Одним из дел, поборником которых выступал ныне покойный Мюррэй Фридман, чья смерть в мае прошлого года положила конец его продолжительной и плодотворной карьере, было возрождение истинной, может быть уже забытой, разновидности консерватизма, характерной для евреев Америки в прошлом. Трудно было бы представить себе более алогичный проект, поскольку многие американские евреи являются непоколебимыми приверженцами либерализма. Но Фридман, квалифицированный историк, директор среднеатлантического отделения Американского комитета евреев, вице-председатель Комиссии по правам граждан в Америке, а также директор-учредитель Центра Фейнштейна по истории евреев в Америке при университете Темпл, был терпеливым и оптимистичным человеком.
Извлечение американского еврейского консерватизма из глухого забытья не было донкихотством в большей степени, нежели проект Рассела Кирка, воплощенный им полстолетия назад в книге "Консервативное мышление" (1953). В конце концов, к моменту выхода в свет книги Кирка существовала общепринятая точка зрения, что в Америке существует одна интеллектуальная традиция, а именно либерализм, и все что не вписывается в его рамки, есть не что иное, как неисследованные (по язвительной характеристике Лайонеля Триллинга) раздраженные мыслительные эксцессы. Кирк же привел достоверную подоплеку существования совершенно иной совокупности идей и несхожих интеллектуальных и нравственных установок - той американской точки зрения, которая всегда существовала, но которой не хватало средств для самовыражения.

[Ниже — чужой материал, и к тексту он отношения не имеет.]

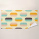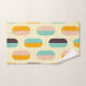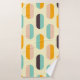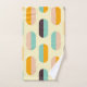 A seamless geometric pattern features vertical, oval shapes in soft yellow, teal, peach, orange, and brown, creating a retro, playful vibe.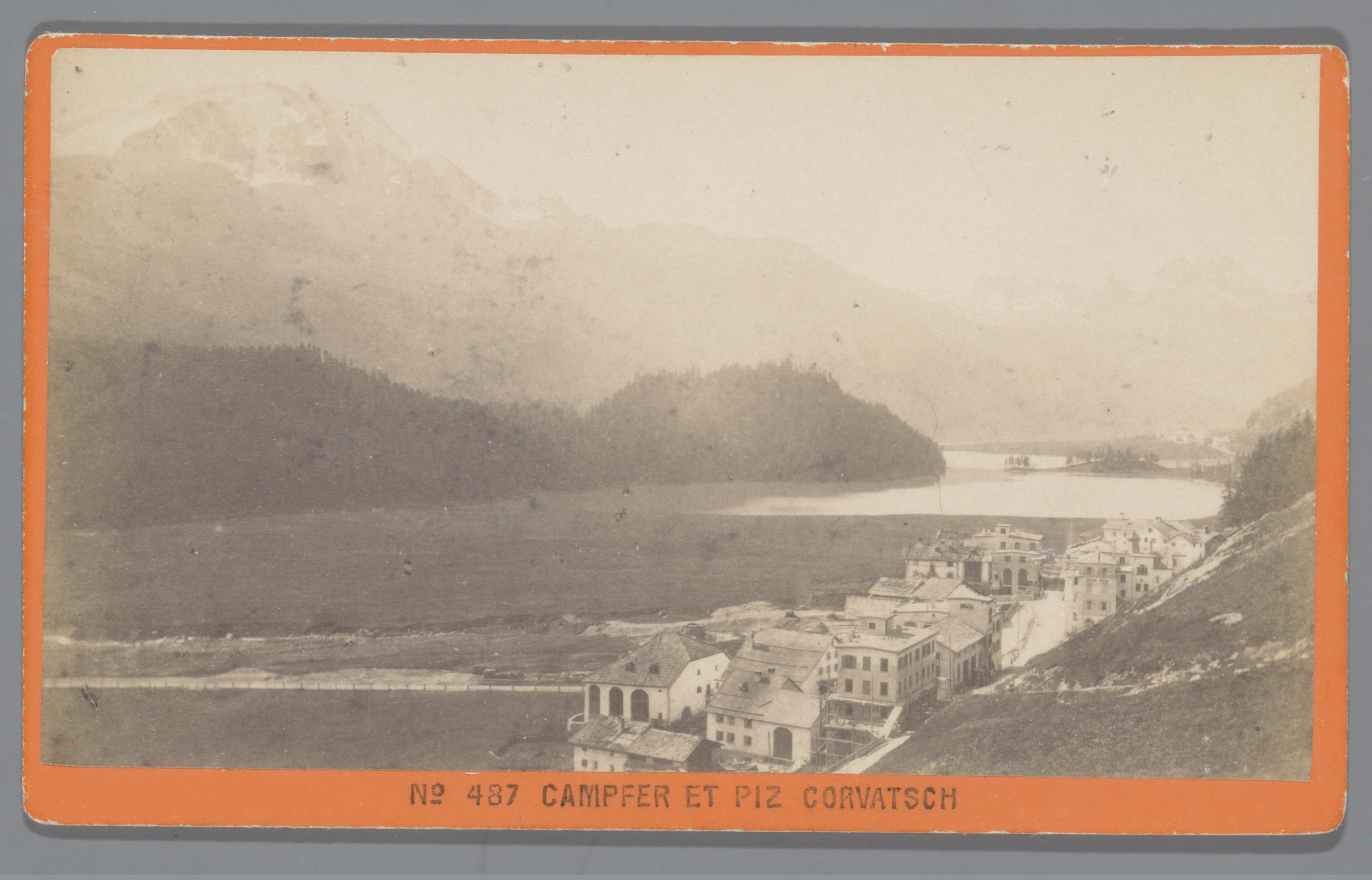 Gezicht op Campfer, de Silvaplanersee en de Piz Corv...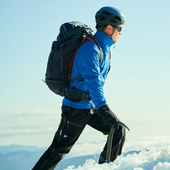 フロウラップ®EXPはハードな冬山でウエアの着脱によるタイムロスやリスクを減らしたいという着想から生まれました。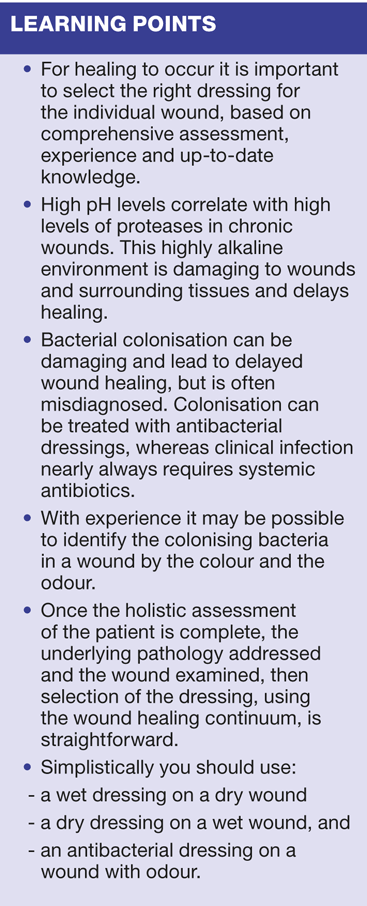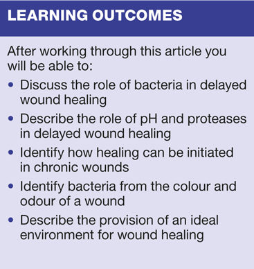 Much is written about the ideal wound healing environment,2-4.and it is usually directed at the type of dressing that should be used. This is not necessarily useful as the type of dressing required relies on how the underlying pathology is addressed. For example, if the wound is a pressure ulcer, then even the most appropriate dressing will never heal the wound if the pressure is not relieved; if it is a venous leg ulcer, then the wound will not heal if compression is not properly applied. Likewise, an arterial wound requires the input of a vascular surgeon to ensure the internal problem is rectified so that the dressing can then provide the correct environment to encourage the wound to heal. If a wound is colonised with bacteria there is a potential for wound healing to be delayed, due to raised chronic proteolytic enzymes and a raised pH, unless the bacteria are reduced. Any or all of these problems need to be addressed first so that the wound can then progress toward healing.
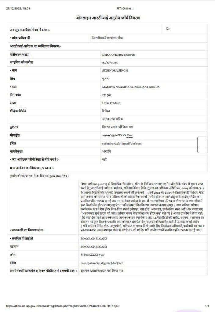 गोंडा। जनपद में ठंड से बचाव और प्रदूषण नियंत्रण के उद्देश्य से नगर क्षेत्रों के सार्वजनिक स्थलों पर लगाए गए गैस हीटर अब सवालों के घेरे में आ गए हैं। तत्कालीन जिलाधिकारी नेहा शर्मा के निर्देश पर वर्ष 2024–2025 में शुरू की गई इस योजना के तहत लगाए गए गैस हीटरों की वर्तमान स्थिति स्पष्ट न होने पर नगर पालिका परिषद कर्नलगंज के एक नागरिक ने सूचना का अधिकार अधिनियम के तहत आरटीआई आवेदन दाखिल कर प्रशासन से जवाबदेही मांगी है। मौर्य नगर, कर्नलगंज निवासी सुरेंद्र सिंह छाबड़ा द्वारा लोक सूचना अधिकारी/जिलाधिकारी कार्यालय गोंडा को भेजे गए आरटीआई आवेदन में पूछा गया है कि जिलाधिकारी के आदेश पर जनपद की विभिन्न नगर पालिकाओं व नगर पंचायतों में कुल कितने गैस हीटर खरीदे गए और उन्हें किन-किन सार्वजनिक स्थलों पर स्थापित किया गया। विशेष रूप से नगर पालिका परिषद कर्नलगंज में लगाए गए गैस हीटरों की संख्या और उनके वर्तमान स्थान की जानकारी मांगी गई है। आरटीआई में यह भी सवाल उठाया गया है कि वर्तमान समय में ये गैस हीटर कहां हैं—क्या वे अभी उपयोग में हैं या हटा दिए गए हैं। यदि हटा दिए गए हैं, तो उसके पीछे क्या कारण रहे। साथ ही हीटरों की खरीद, स्थापना, संचालन और रखरखाव पर कुल कितनी सरकारी धनराशि खर्च हुई, इससे संबंधित बिल-वाउचर और अभिलेख सार्वजनिक करने की मांग की गई है। आवेदन में यह भी स्पष्ट किया गया है कि यदि गैस हीटर अनुपयोगी, क्षतिग्रस्त या गायब हैं, तो इसके लिए कौन अधिकारी या कर्मचारी जिम्मेदार हैं तथा क्या अब तक इस संबंध में कोई जांच कराई गई है या नहीं। स्थानीय लोगों का कहना है कि ठंड के मौसम में सार्वजनिक स्थलों पर राहत देने के लिए लगाए गए गैस हीटर यदि वास्तव में खरीदे गए थे, तो आज वे नजर क्यों नहीं आ रहे। इससे सरकारी धन के दुरुपयोग, लापरवाही या संभावित गड़बड़ी की आशंका गहराती जा रही है। गौरतलब है कि जिले में अलाव जलाने से होने वाले प्रदूषण को कम करने और ठंड से राहत देने के उद्देश्य से पायलट प्रोजेक्ट के रूप में गैस हीटर लगाए गए थे। इन हीटरों में एलपीजी का उपयोग किया जाना था, ताकि धुएं से होने वाले प्रदूषण में कमी लाई जा सके। यह पहल तत्कालीन जिलाधिकारी नेहा शर्मा द्वारा की गई थी,जिसमें अधिकारियों को इनके संचालन और निगरानी के स्पष्ट निर्देश दिए गए थे। इस योजना के तहत गोंडा जिले की विभिन्न नगर पालिकाओं और नगर पंचायतों में कुल 27 स्थानों पर गैस हीटर लगाए गए थे। प्रत्येक नगर पंचायत में दो गैस हीटर लगाए जाने की व्यवस्था थी, जबकि नगर पालिका परिषद कर्नलगंज और मनकापुर में चार-चार, तथा नगर पालिका परिषद गोंडा में पांच गैस हीटर लगाए गए थे। प्रत्येक गैस हीटर की कीमत लगभग 12,500 रुपये बताई गई थी और एक रिफिलिंग लगभग 25 दिन तक चलने 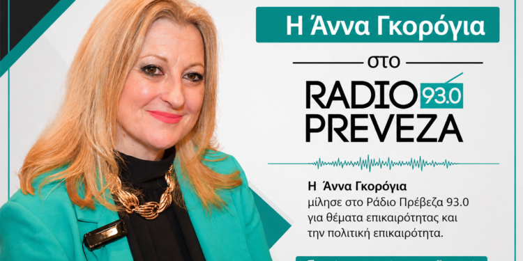 Σε μια ουσιαστική και ήπια πολιτική τοποθέτηση προχώρησε η Άννα Γκορόγια, πρώην μέλος της Νομαρχιακής Επιτροπής ΠΑΣΟΚ και συντονίστρια στο νομό Πρέβεζας, μιλώντας στο Ράδιο Πρέβεζα 93 και στην εκπομπή «ΕΝΗΜΕΡΩΣΗ» με τον Γιάννη Βασιλειάδη, το απόγευμα της Δευτέρας.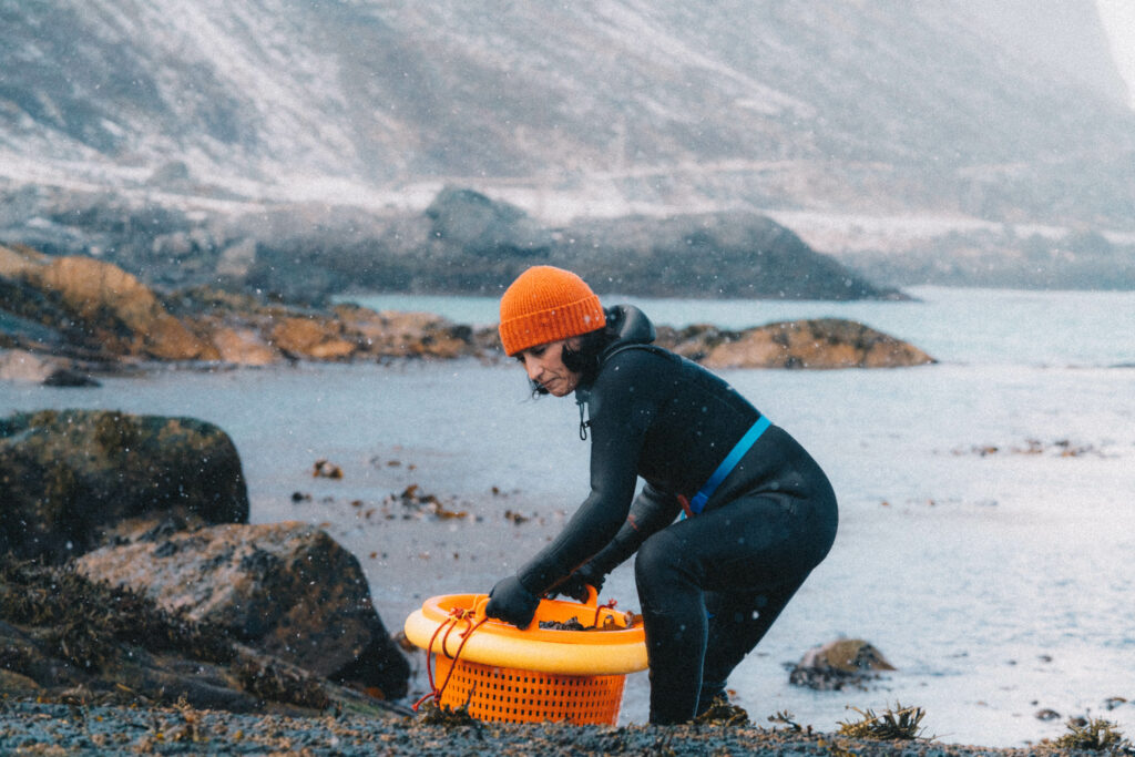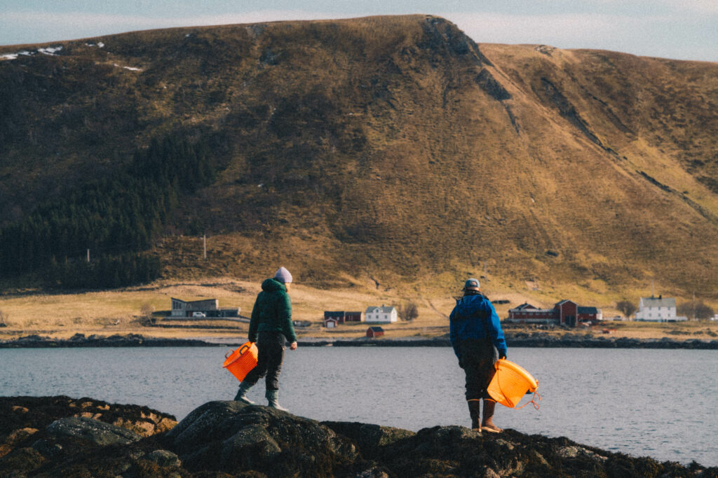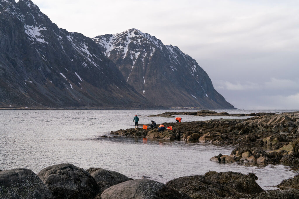 Together, we explored the raw beauty of Lofoten: salt-spray mornings, kelp-slick rocks, winter light that feels almost cinematic, and the quiet rhythm of tides that shape everything we do. Their team did more than visit. They suited up, waded in, and experienced the rugged reality that inspires our work every day.

Безусловно, не нужно воспринимать книгу Фридмана "Неоконсервативная Революция" как попытку создать еврейскую версию книги Кирка или как еще одну редакцию мифа о небольшой группе еврейских интеллектуалов, которым удалось захватить власть в правительстве Соединенных Штатов. В самом деле, Фридман едва ли заинтересован в анализе сегодняшнего состояния неоконсервативных идей и влияний. Его книга, напротив, является попыткой продемонстрировать тот факт, что еврейские интеллектуалы, активисты и политики весьма способствовали формированию современного американского консерватизма. И поэтому из всего множества центральных событий американской политической и интеллектуальной истории двадцатого столетия (в особенности после второй мировой войны), он предпочитает рассказывать читателю о тех, в которых еврейские деятели сыграли наиболее важную роль.

И хотя объем этого исторического материала значительно превышает потребность читателя в подобной информации, автор достигает своей цели, помогая понять, как еврейские мыслители воспринимали реальную жизнь, а не только события интеллектуального или академического плана. В самом деле, поразительно, насколько часто еврейские деятели фигурируют в истории американского консерватизма. Со времени послевоенных маккартиевских шпионских страстей, учреждения "Национального обозрения" в 1955 году, образования фракции Голдуотера в республиканской партии, обсуждения бесконечных неудач правления Линдсея на посту мэра Нью-Йорка, краха американской внешней политики во Вьетнаме, а также в другие аналогичные моменты недавнего прошлого, еврейские консерваторы не просто неожиданно возникали на политической арене, но и оказывали значительное влияние на развитие событий.

Не все эти деятели сразу становились неоконсерваторами и прото-неоконсерваторами, поначалу некоторые из них были просто консерваторами. Но всех их объединяет убежденность в том, что американское государство - исторически весьма благоприятная среда обитания для евреев; что оно само по себе несет добро в этот мир; и в то же время осознание факта, что царствующий в Америке либерализм нанес ей колоссальный ущерб и, возможно, уже привел страну на грань катастрофы. Неоконсерватизм же, по утверждению Фридмана, возник как реакция на смягчение либерализма и потерю доверия к нему у большинства американцев в годы, когда государство боролось с могущественными врагами извне и было поражено "духом отчаяния" изнутри. Недавнее возникновение неконсервативной проблематики в общественном мнении должно рассматриваться именно в этом историческом контексте.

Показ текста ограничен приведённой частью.